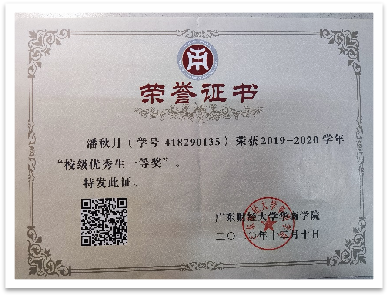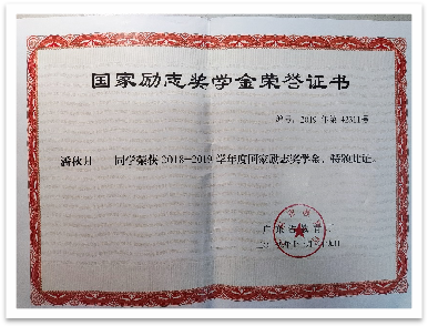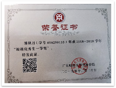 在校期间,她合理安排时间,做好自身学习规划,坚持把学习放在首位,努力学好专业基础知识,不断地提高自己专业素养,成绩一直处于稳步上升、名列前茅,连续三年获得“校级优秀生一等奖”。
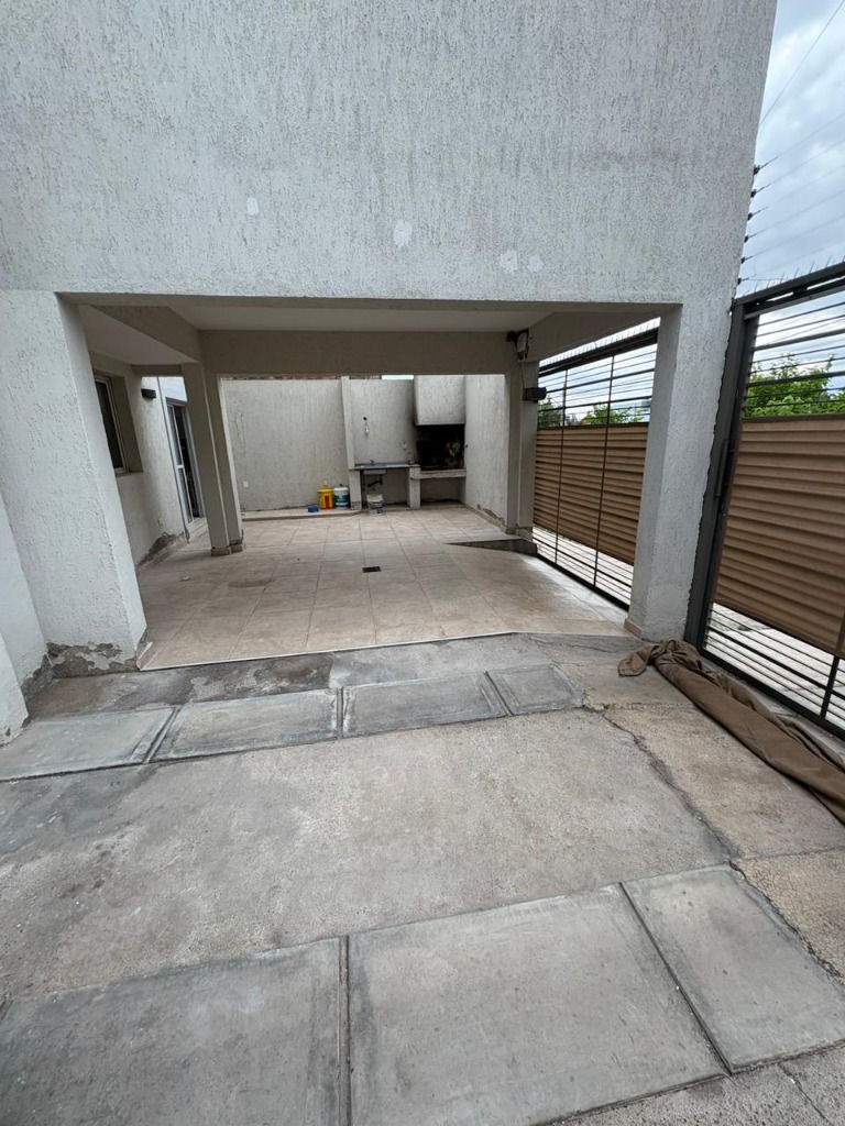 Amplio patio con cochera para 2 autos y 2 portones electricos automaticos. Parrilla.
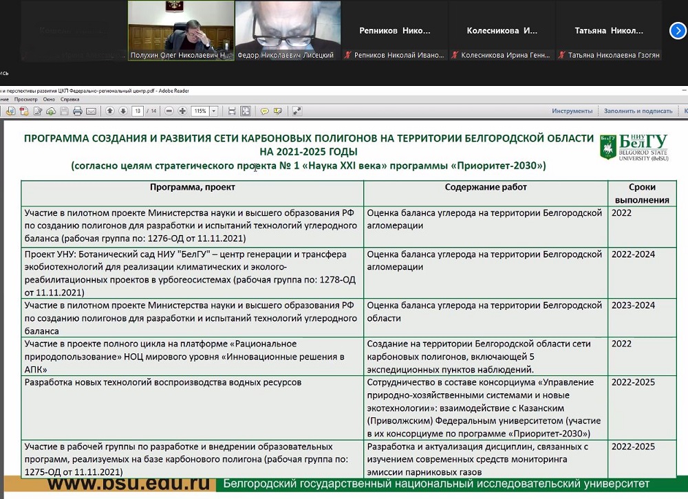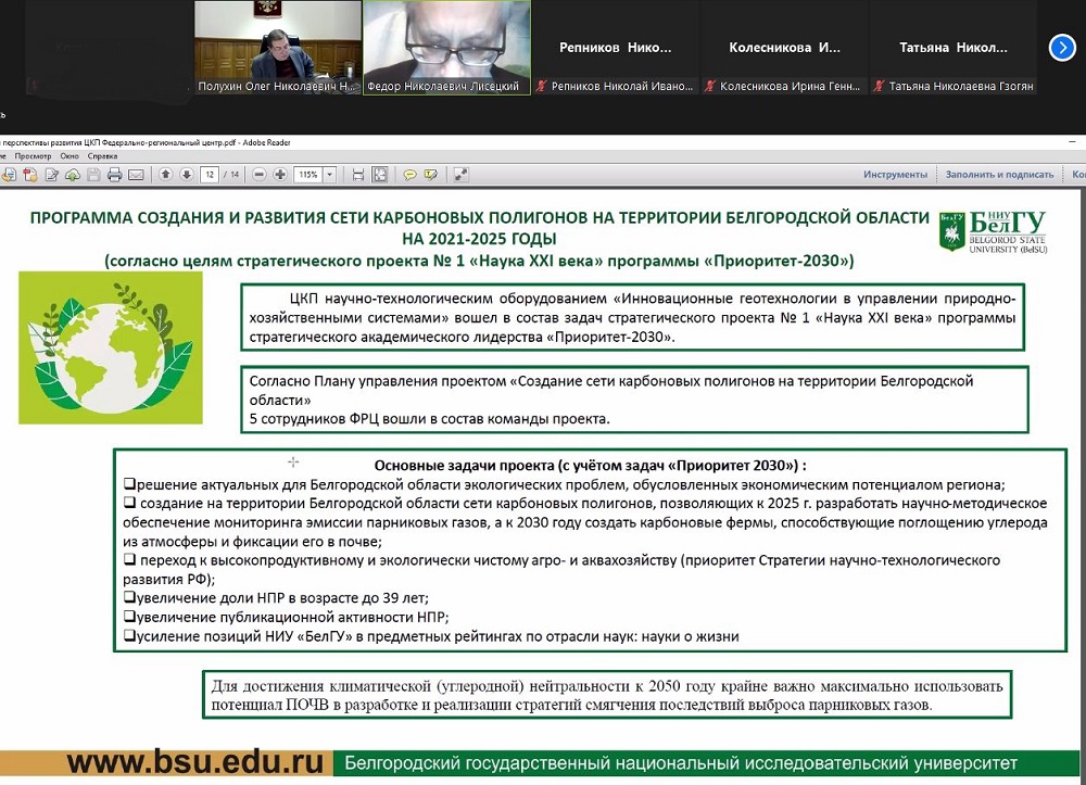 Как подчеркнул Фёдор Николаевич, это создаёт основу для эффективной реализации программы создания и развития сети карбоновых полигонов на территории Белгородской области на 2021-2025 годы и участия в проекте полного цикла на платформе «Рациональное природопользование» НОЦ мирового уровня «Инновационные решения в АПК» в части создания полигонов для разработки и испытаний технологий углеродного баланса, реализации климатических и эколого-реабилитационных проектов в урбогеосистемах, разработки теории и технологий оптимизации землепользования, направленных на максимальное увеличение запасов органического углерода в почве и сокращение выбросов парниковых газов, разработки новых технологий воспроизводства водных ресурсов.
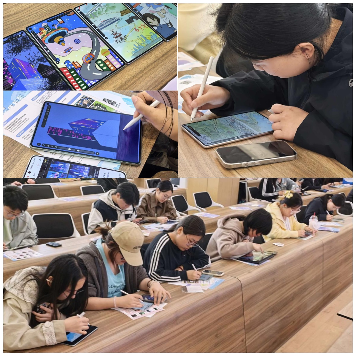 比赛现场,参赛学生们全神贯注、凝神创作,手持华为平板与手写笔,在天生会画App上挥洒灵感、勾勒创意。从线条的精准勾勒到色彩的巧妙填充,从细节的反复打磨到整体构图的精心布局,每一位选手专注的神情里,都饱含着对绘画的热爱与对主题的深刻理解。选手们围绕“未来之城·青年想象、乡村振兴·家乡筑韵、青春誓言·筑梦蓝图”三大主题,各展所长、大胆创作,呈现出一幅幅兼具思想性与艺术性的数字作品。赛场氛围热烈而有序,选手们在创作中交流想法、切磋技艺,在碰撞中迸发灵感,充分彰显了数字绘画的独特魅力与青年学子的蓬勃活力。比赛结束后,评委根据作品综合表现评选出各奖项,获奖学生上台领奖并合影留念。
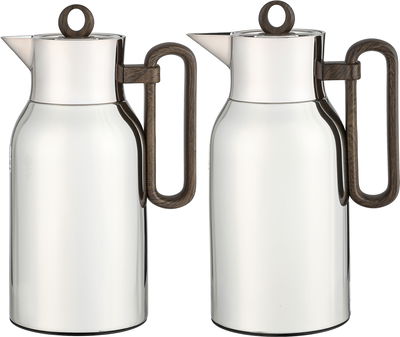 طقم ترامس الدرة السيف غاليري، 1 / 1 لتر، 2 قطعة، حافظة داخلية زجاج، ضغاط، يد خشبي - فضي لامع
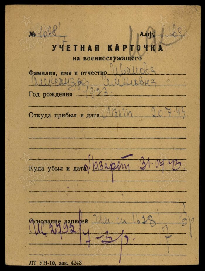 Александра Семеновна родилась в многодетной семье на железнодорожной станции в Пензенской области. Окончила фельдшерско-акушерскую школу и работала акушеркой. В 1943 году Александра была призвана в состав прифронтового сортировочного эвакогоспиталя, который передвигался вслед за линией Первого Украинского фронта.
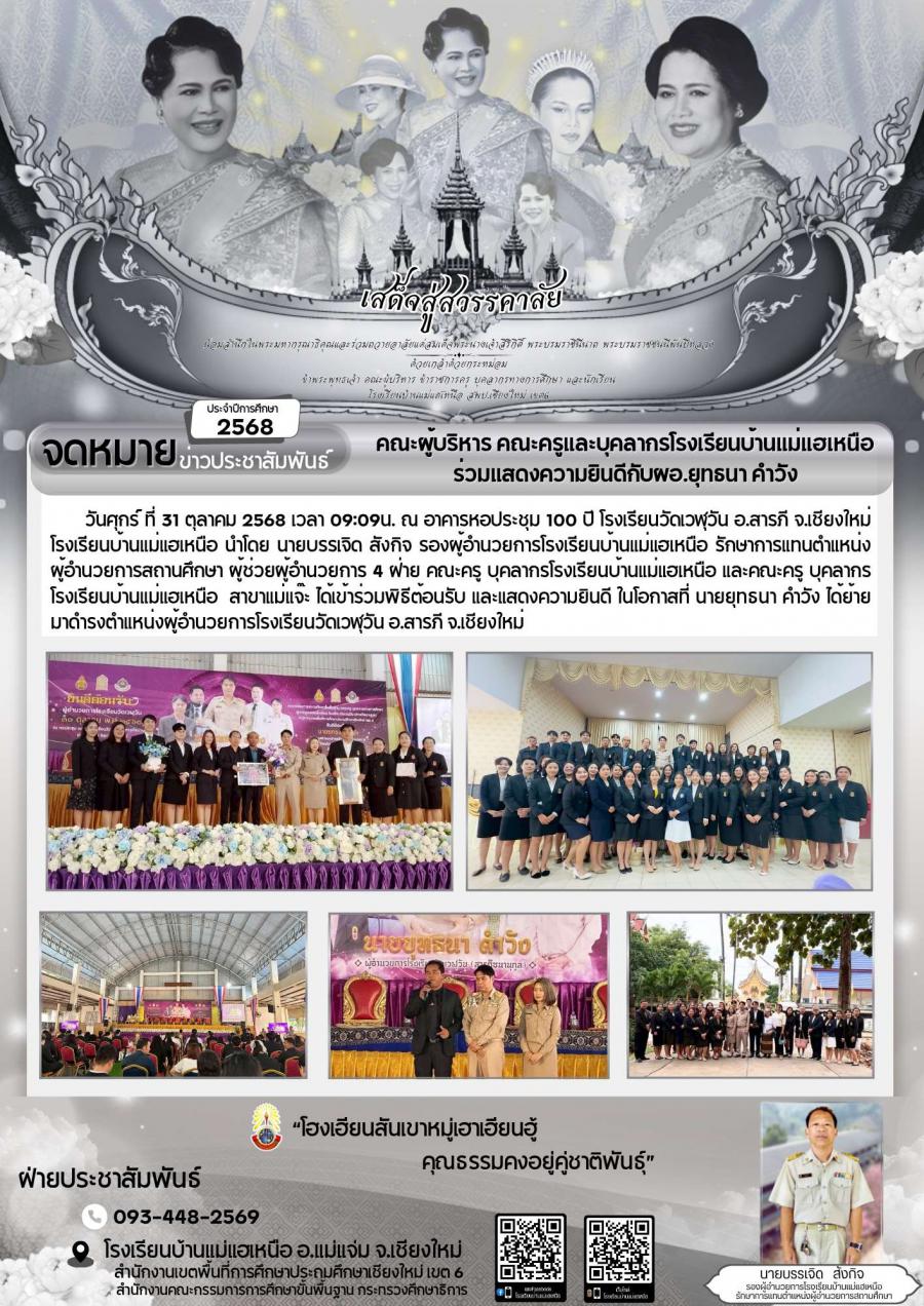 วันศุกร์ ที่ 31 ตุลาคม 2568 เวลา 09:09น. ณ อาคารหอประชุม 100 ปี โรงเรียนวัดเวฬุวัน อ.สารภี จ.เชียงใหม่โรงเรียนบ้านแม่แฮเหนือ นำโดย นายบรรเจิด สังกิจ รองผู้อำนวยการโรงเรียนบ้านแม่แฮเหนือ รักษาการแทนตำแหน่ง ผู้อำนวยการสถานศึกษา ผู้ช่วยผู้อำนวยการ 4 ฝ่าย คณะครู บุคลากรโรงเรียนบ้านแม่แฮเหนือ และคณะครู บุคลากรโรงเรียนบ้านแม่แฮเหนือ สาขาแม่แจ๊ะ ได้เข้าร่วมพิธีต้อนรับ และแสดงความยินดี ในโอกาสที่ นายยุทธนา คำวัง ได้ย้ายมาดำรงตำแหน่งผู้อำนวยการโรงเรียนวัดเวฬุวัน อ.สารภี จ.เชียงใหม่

------------

• _REQUIRED ACTION_
Apart from the pictures, repeat every entry exactly.

• _ANSWER TO THIS TASK_
 在校期间,她合理安排时间,做好自身学习规划,坚持把学习放在首位,努力学好专业基础知识,不断地提高自己专业素养,成绩一直处于稳步上升、名列前茅,连续三年获得“校级优秀生一等奖”。
 Amplio patio con cochera para 2 autos y 2 portones electricos automaticos. Parrilla.
 Как подчеркнул Фёдор Николаевич, это создаёт основу для эффективной реализации программы создания и развития сети карбоновых полигонов на территории Белгородской области на 2021-2025 годы и участия в проекте полного цикла на платформе «Рациональное природопользование» НОЦ мирового уровня «Инновационные решения в АПК» в части создания полигонов для разработки и испытаний технологий углеродного баланса, реализации климатических и эколого-реабилитационных проектов в урбогеосистемах, разработки теории и технологий оптимизации землепользования, направленных на максимальное увеличение запасов органического углерода в почве и сокращение выбросов парниковых газов, разработки новых технологий воспроизводства водных ресурсов.
 比赛现场,参赛学生们全神贯注、凝神创作,手持华为平板与手写笔,在天生会画App上挥洒灵感、勾勒创意。从线条的精准勾勒到色彩的巧妙填充,从细节的反复打磨到整体构图的精心布局,每一位选手专注的神情里,都饱含着对绘画的热爱与对主题的深刻理解。选手们围绕“未来之城·青年想象、乡村振兴·家乡筑韵、青春誓言·筑梦蓝图”三大主题,各展所长、大胆创作,呈现出一幅幅兼具思想性与艺术性的数字作品。赛场氛围热烈而有序,选手们在创作中交流想法、切磋技艺,在碰撞中迸发灵感,充分彰显了数字绘画的独特魅力与青年学子的蓬勃活力。比赛结束后,评委根据作品综合表现评选出各奖项,获奖学生上台领奖并合影留念。
 طقم ترامس الدرة السيف غاليري، 1 / 1 لتر، 2 قطعة، حافظة داخلية زجاج، ضغاط، يد خشبي - فضي لامع
 Александра Семеновна родилась в многодетной семье на железнодорожной станции в Пензенской области. Окончила фельдшерско-акушерскую школу и работала акушеркой. В 1943 году Александра была призвана в состав прифронтового сортировочного эвакогоспиталя, который передвигался вслед за линией Первого Украинского фронта.
 วันศุกร์ ที่ 31 ตุลาคม 2568 เวลา 09:09น. ณ อาคารหอประชุม 100 ปี โรงเรียนวัดเวฬุวัน อ.สารภี จ.เชียงใหม่โรงเรียนบ้านแม่แฮเหนือ นำโดย นายบรรเจิด สังกิจ รองผู้อำนวยการโรงเรียนบ้านแม่แฮเหนือ รักษาการแทนตำแหน่ง ผู้อำนวยการสถานศึกษา ผู้ช่วยผู้อำนวยการ 4 ฝ่าย คณะครู บุคลากรโรงเรียนบ้านแม่แฮเหนือ และคณะครู บุคลากรโรงเรียนบ้านแม่แฮเหนือ สาขาแม่แจ๊ะ ได้เข้าร่วมพิธีต้อนรับ และแสดงความยินดี ในโอกาสที่ นายยุทธนา คำวัง ได้ย้ายมาดำรงตำแหน่งผู้อำนวยการโรงเรียนวัดเวฬุวัน อ.สารภี จ.เชียงใหม่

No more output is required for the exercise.